Steven SchwankertBy Steven Schwankert
Just when you thought He was gone, just when you thought you were rid of Him, The Grouch is back. He's the Ozzy Osbourne of China tech writing: every tour is His farewell tour until the next one.

That doesn't mean anything's changed. Technology and the world at large are still happy to embrace mediocrity. That will never change. But since the fine folks at China Tech News are still free, and those uppity people at that KFC place or whatever it's called where the Grouch used to write actually want money for their newsletter now, the Grouch thought he'd make a new home here from which to cast dispersion on everyone else.

So let's get down to it. The Grouch, early adopter that he is, went out last week and bought a Xiao Ling Tong (for this article, XLT) phone. For those of you who have been joining Osama in the cave complex for the opening part of the new millennium, kick yourself in the ass a few times for not having bought shares in a company called UT Starcom about two years ago.

In brief: UT Starcom and various provincial Chinese telecom entities have helped carve out a niche known as the wireless local loop. It's like carrying your home phone with you all around town. It's not a true mobile phone because it only works in your home city. It also only permits text messaging to other XLT users, not to mobile phones using China Mobile or China Unicom.

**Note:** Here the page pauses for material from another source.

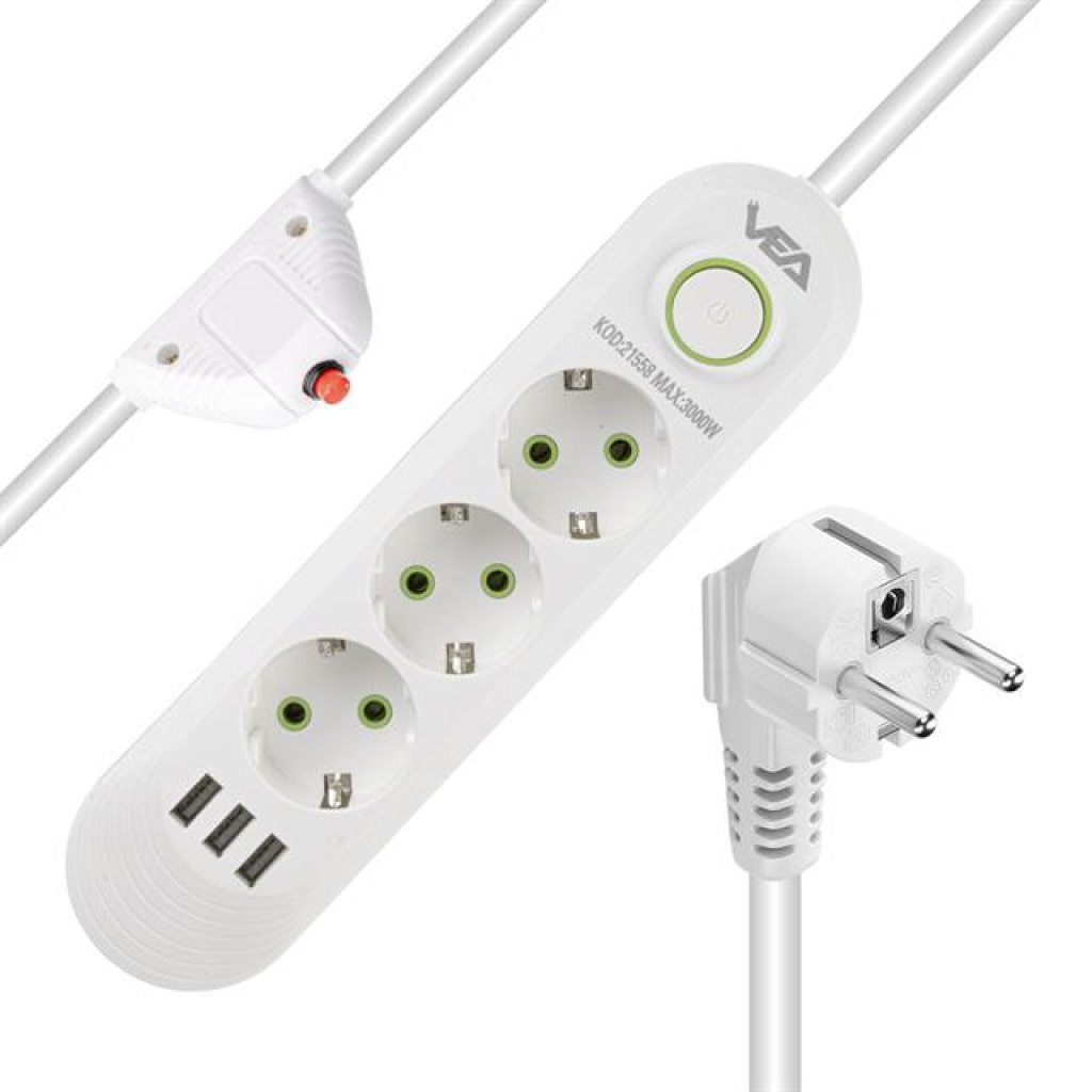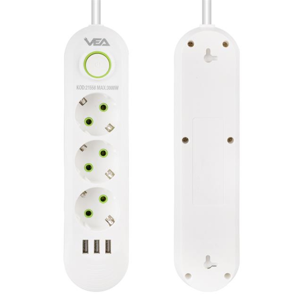 3 Priz ve 3 USB Çıkışı: Vea VA-21558, üç adet priz ve üç adet USB çıkışı ile donatılmıştır, böylece çok sayıda elektronik cihazı aynı anda şarj edebilir veya kullanabilirsiniz. Prizler, geniş aralıklı tasarımı sayesinde farklı priz tiplerine uyum sağlar.

What's attractive about the service is that it's cheap, and in this market, cheap always wins. In Beijing, China Netcom operates the service for 70 CNY per month. That includes unlimited calling to local numbers. Also, XLT billing is one-way, so instead of the receiver also being charged for calls, the way a mobile phone is, an XLT user can talk as long as they want without paying a fen.

The downside is that half the calls the Grouch makes drop out, cut off, or are never completed. So that part kinda sucks. But people in this market love that shit. They're more than happy to scream into their phone so that mom in Anhui can hear them, and everybody in this country talks too loud anyway. But like many things, it will probably improve over the course of the Grouch's two-year contract. Regardless, farmers everywhere will be snapping it up, followed by movie stars, who will then have one more phone they never answer. Besides, it enhances their image of down-market chic. Too bad the phones cost less than 1000 CNY each. UT Starcom should come out with a diamond-encrusted, 24k gold phone for about 5000 CNY to use with the 70 CNY per month service. That will guarantee massive penetration and ridiculous success. Anyway, in the continuing race that is life, the Grouch had one first, so He wins again.

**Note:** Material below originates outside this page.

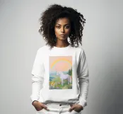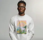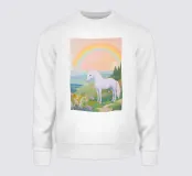 Un dolce unicorno in piedi davanti a dolci colline e a un luminoso cielo arcobaleno: questo disegno cattura il fascino della fantasia e la meraviglia dell'infanzia. Perfetto per le camerette, le stanze dei giochi o per chiunque ami la tranquilla magia dei paesaggi mitici.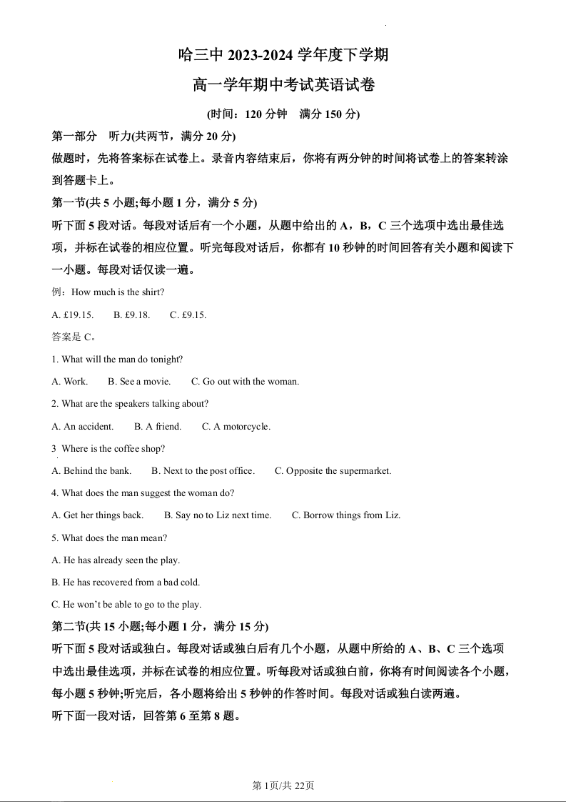 黑龙江省牡丹江市第三高级中学2023-2024学年高一下学期期中考试英语(精品解析版)

What was the Grouch saying about things improving? Well, not so fast. Look for signs of the CDMA rebellion beginning. One of the Grouch's many wives officially pitched her 133 phone and went back to GSM yesterday. It was only a matter of time before this happened. One of the engineers working on the network told me, "this is the worst network I've ever worked on, and China Unicom is the worst telecom I've ever worked with." Maybe the CDMA reception in Silicon Hutong is clear, but it doesn't seem to be anywhere else, not in Beijing at least. For 70 CNY per month, people are willing to put up with nonsense like drop-outs and unconnected calls. For 330 CNY per month, cute little Samsung flip-phone or not, people have expectations.

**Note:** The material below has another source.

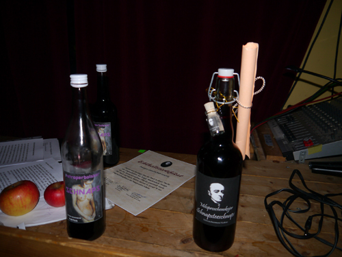 Unterdessen bereitete Doctor Pichelstein die Livebühne vor. Ein Kraftakt, denn die angekündigten NBL-Herren Barmann und Techniker liegen noch im Samstags-Tee. „Unseren Barmann hab ich heute Morgen noch um 9 Uhr im Seltsam um die Ecke gesehen. Der kommt sicher gleich“, erklärt dazu der Chefwirt gegen acht. Und weil sich das Wohnzimmer bereits streng füllt, müssen die Gäste eben selbst ran. „Striche einfach auf den Zettel, Geld in die Kasse“, so die Parole, und alle sind sie ehrlich. Denn das währt ja bekanntlich am Längsten. Und so wird es voller und voller. Doctor Makarios greift zur Lesebrille, erklärt noch wundersame Dinge um die ausgestellte Pratajev-Kollektion, der Vortrag „Die Bedeutung des Kürzels π“, cd-vorgetragen durch den mittlerweile verstorbenen, rührigen Peter Glathe aus dem Jahr 2000, folgt und dann ist Doctors-Time.

As a Man of the People in the Maoist sense, the Grouch has a Christmas gift for all of you: The 2003 Grouch Awards. Heading into their fourth year, it's less of a spectacle than the Oscars (we had trouble negotiating the TV rights this year) the Grouch dons his red suit and black boots and liberally dispenses both Playstation 2s and coal to the unsuspecting and the underprivileged, the naughty and the nice. Look for that in two weeks, exclusively here on China Tech News, the New Home of The Village Grouch.

About the author:
Steven Schwankert is a former editor of Computerworld Hong Kong, based in Beijing. He can be reached at [email protected]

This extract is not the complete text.